For the entries below, copy exactly the line that contains "En 2017 se exportaron" through the line that contains "Siam Suite: 130", both ends included, and exclude all pictures.

• _Source data_:
--------------------------------
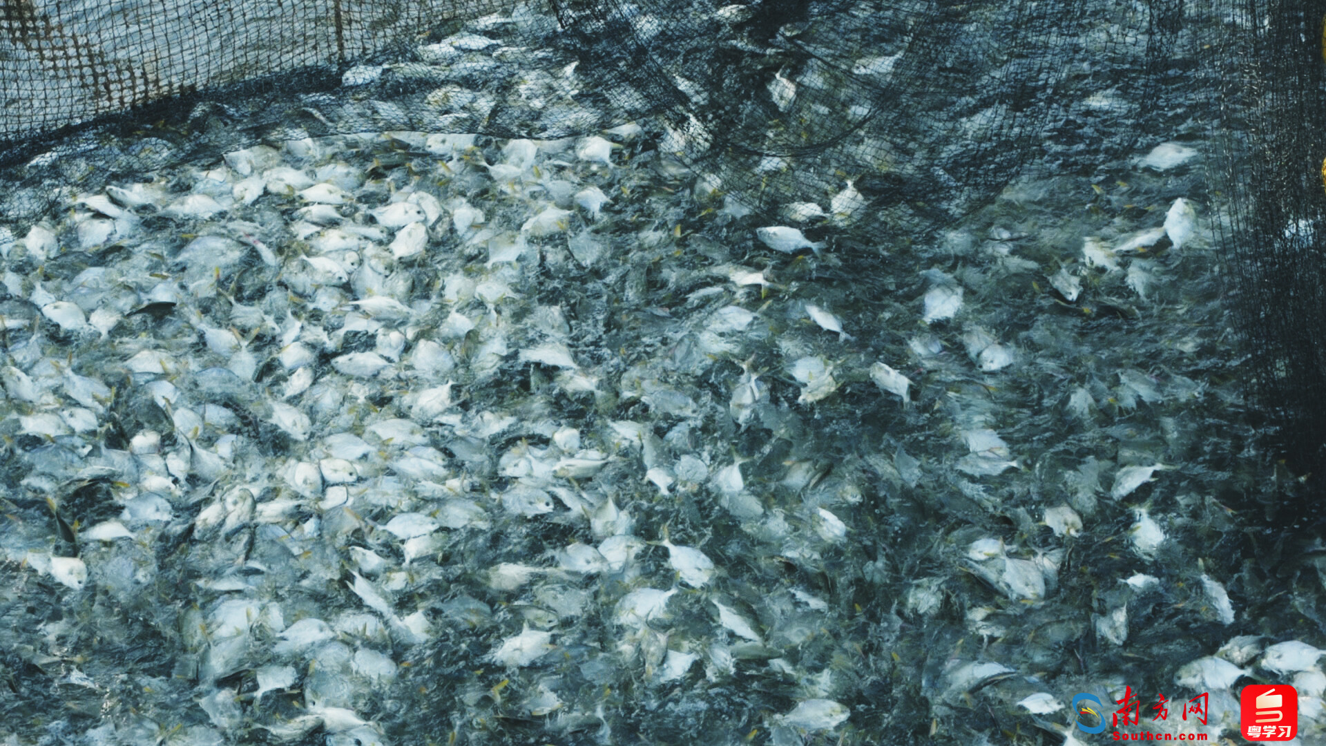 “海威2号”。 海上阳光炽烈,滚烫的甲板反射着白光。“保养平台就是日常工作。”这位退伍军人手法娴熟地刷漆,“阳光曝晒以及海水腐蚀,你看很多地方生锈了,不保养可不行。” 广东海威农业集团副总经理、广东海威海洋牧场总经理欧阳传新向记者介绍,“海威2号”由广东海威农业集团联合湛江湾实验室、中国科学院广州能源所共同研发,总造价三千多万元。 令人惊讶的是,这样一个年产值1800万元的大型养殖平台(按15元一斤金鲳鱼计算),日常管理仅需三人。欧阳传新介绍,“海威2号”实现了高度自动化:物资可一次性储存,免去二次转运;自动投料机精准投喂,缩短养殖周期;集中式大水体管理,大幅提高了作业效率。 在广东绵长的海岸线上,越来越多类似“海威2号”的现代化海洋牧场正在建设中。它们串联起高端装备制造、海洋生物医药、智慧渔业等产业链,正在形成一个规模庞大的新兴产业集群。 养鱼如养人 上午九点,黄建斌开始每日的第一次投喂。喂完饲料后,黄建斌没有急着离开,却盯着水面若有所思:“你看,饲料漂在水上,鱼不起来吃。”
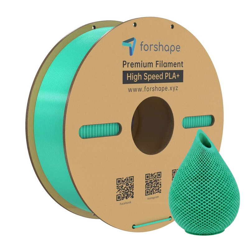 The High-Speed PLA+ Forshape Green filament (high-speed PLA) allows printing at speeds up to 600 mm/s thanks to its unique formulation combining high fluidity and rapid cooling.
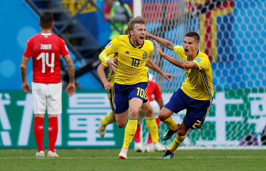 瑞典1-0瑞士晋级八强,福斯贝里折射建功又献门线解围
--------------------------------
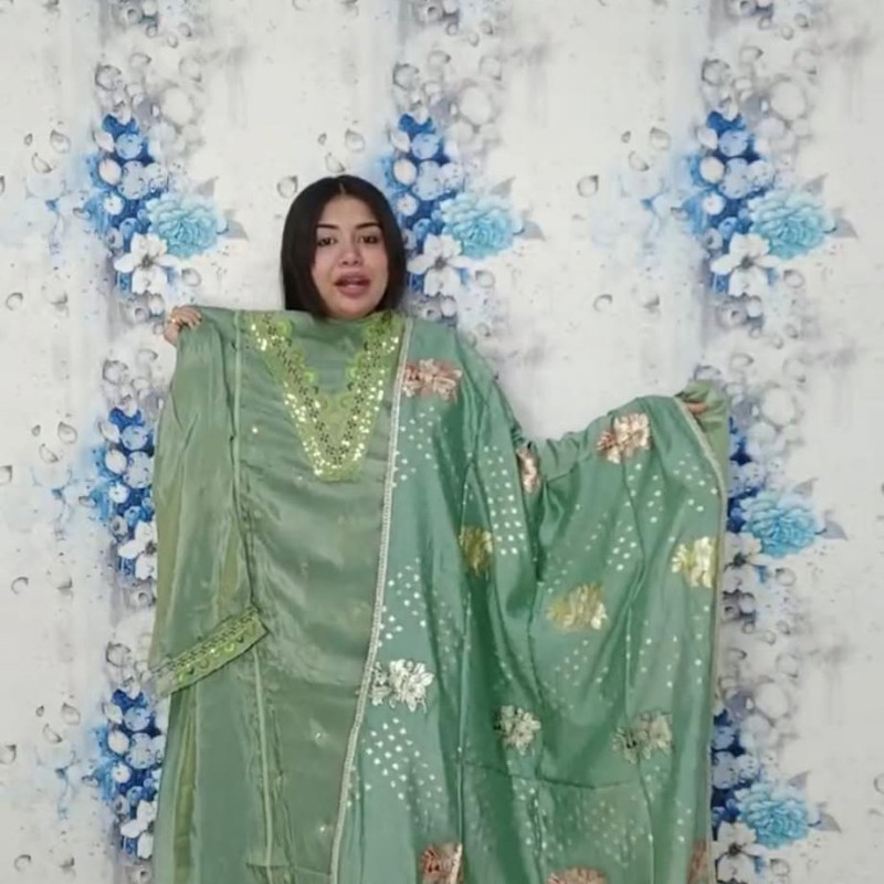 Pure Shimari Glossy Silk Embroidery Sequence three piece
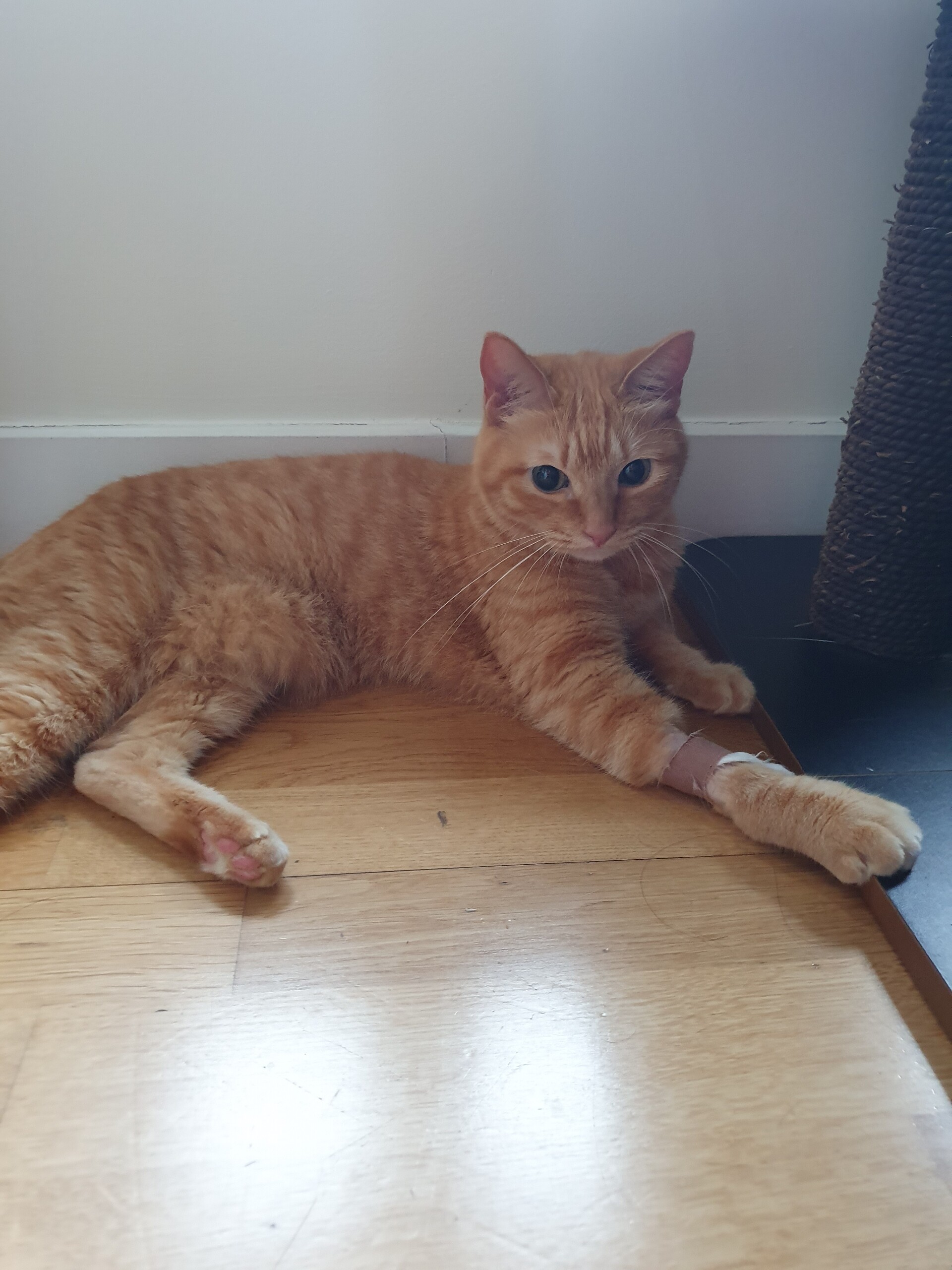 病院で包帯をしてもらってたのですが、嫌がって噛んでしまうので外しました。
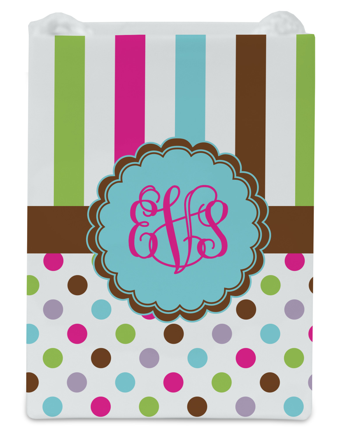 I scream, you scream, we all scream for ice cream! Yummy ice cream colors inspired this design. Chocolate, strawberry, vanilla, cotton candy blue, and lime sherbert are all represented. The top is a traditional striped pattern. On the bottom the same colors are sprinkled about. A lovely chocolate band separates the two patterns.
--------------------------------
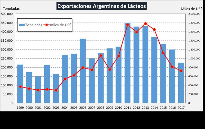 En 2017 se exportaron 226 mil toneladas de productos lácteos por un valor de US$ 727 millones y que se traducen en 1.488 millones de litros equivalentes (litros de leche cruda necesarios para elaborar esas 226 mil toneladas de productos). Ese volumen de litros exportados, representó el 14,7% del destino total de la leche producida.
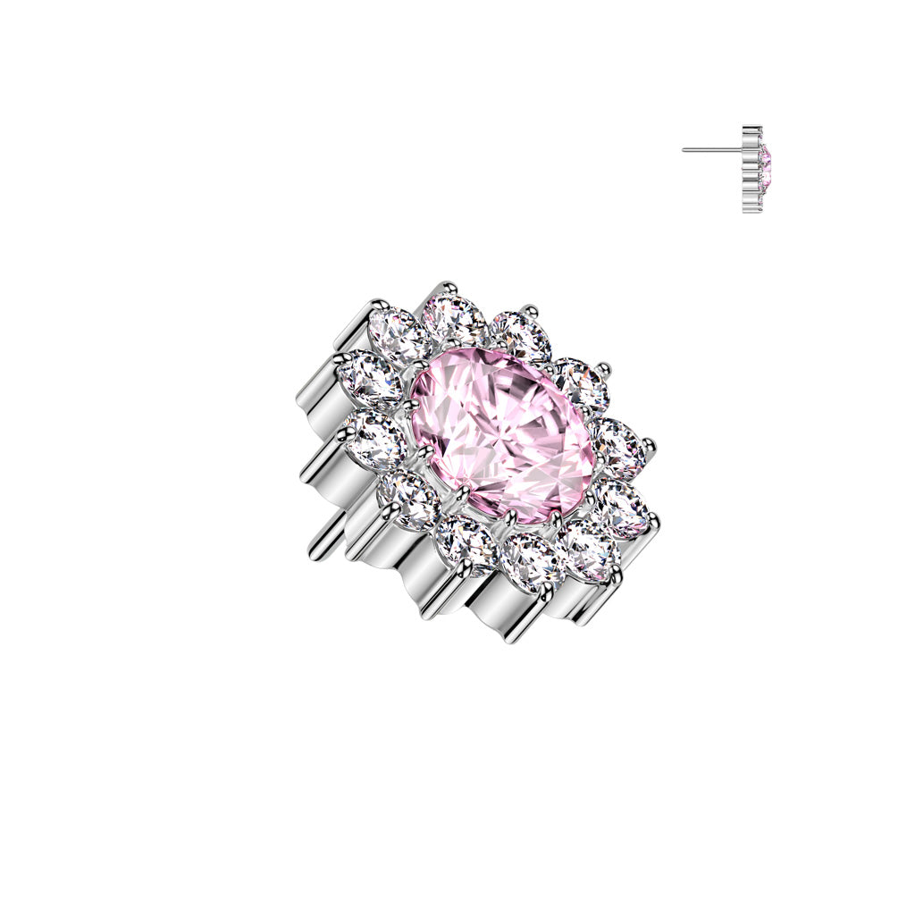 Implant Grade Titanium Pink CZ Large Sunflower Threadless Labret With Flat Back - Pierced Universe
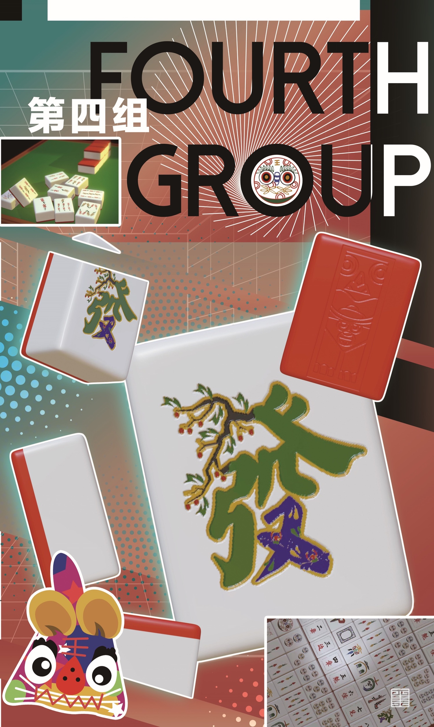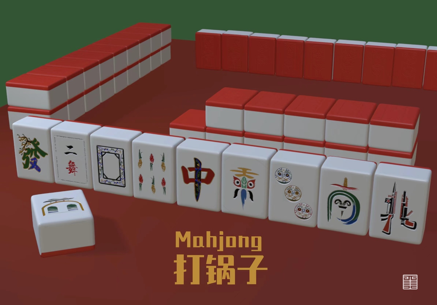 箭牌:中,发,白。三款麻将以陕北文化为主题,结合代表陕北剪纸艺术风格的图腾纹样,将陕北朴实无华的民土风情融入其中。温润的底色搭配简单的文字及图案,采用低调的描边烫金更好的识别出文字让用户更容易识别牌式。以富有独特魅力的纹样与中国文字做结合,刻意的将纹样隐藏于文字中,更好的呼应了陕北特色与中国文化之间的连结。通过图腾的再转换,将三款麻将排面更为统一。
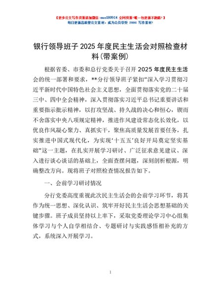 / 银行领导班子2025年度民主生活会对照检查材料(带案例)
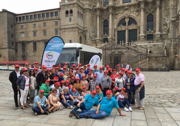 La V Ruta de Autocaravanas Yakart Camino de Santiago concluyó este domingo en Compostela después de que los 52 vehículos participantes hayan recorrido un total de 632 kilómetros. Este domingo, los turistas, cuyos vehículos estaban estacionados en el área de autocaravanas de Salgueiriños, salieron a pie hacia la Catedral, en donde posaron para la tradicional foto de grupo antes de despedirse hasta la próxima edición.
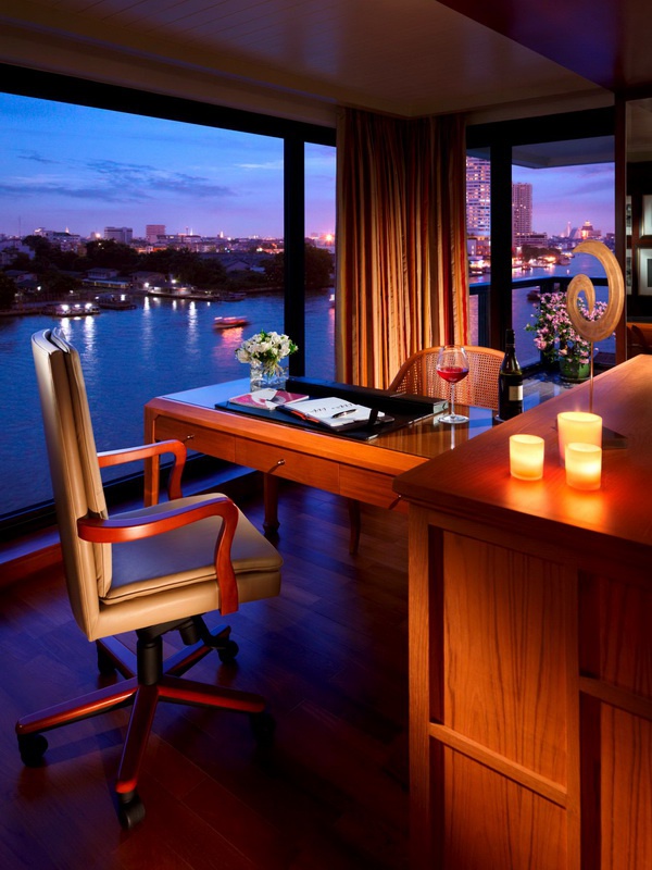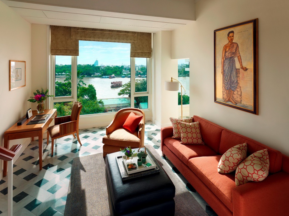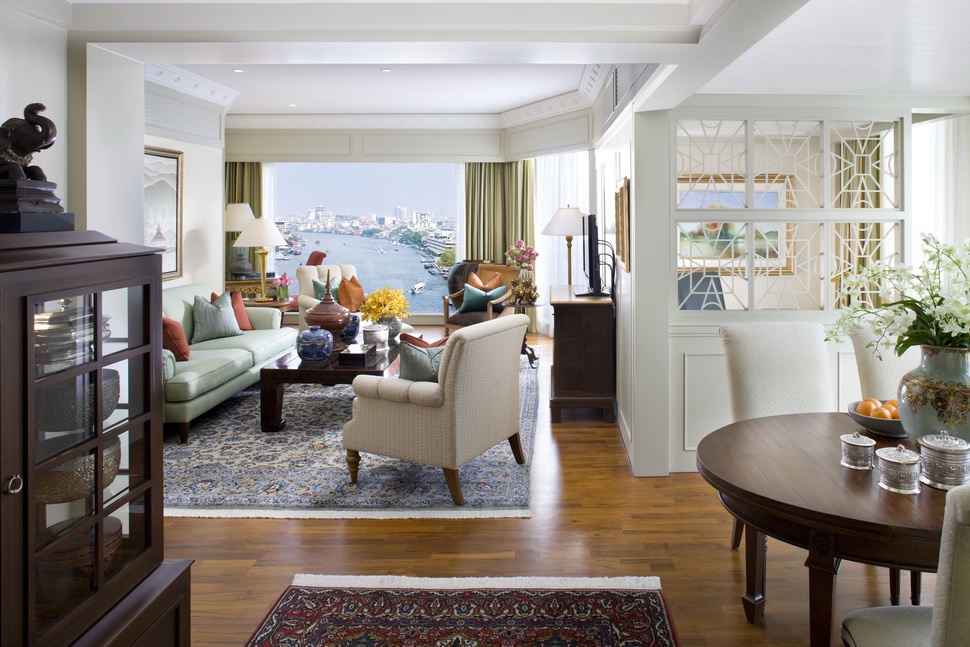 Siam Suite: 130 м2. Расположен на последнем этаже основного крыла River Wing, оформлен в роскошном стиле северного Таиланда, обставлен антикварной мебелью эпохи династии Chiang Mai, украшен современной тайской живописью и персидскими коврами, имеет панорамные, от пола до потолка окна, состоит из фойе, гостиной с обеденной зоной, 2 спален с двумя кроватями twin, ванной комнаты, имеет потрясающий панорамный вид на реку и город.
--------------------------------
• _Result_:
 En 2017 se exportaron 226 mil toneladas de productos lácteos por un valor de US$ 727 millones y que se traducen en 1.488 millones de litros equivalentes (litros de leche cruda necesarios para elaborar esas 226 mil toneladas de productos). Ese volumen de litros exportados, representó el 14,7% del destino total de la leche producida.
 Implant Grade Titanium Pink CZ Large Sunflower Threadless Labret With Flat Back - Pierced Universe
 箭牌:中,发,白。三款麻将以陕北文化为主题,结合代表陕北剪纸艺术风格的图腾纹样,将陕北朴实无华的民土风情融入其中。温润的底色搭配简单的文字及图案,采用低调的描边烫金更好的识别出文字让用户更容易识别牌式。以富有独特魅力的纹样与中国文字做结合,刻意的将纹样隐藏于文字中,更好的呼应了陕北特色与中国文化之间的连结。通过图腾的再转换,将三款麻将排面更为统一。
 / 银行领导班子2025年度民主生活会对照检查材料(带案例)
 La V Ruta de Autocaravanas Yakart Camino de Santiago concluyó este domingo en Compostela después de que los 52 vehículos participantes hayan recorrido un total de 632 kilómetros. Este domingo, los turistas, cuyos vehículos estaban estacionados en el área de autocaravanas de Salgueiriños, salieron a pie hacia la Catedral, en donde posaron para la tradicional foto de grupo antes de despedirse hasta la próxima edición.
 Siam Suite: 130 м2. Расположен на последнем этаже основного крыла River Wing, оформлен в роскошном стиле северного Таиланда, обставлен антикварной мебелью эпохи династии Chiang Mai, украшен современной тайской живописью и персидскими коврами, имеет панорамные, от пола до потолка окна, состоит из фойе, гостиной с обеденной зоной, 2 спален с двумя кроватями twin, ванной комнаты, имеет потрясающий панорамный вид на реку и город.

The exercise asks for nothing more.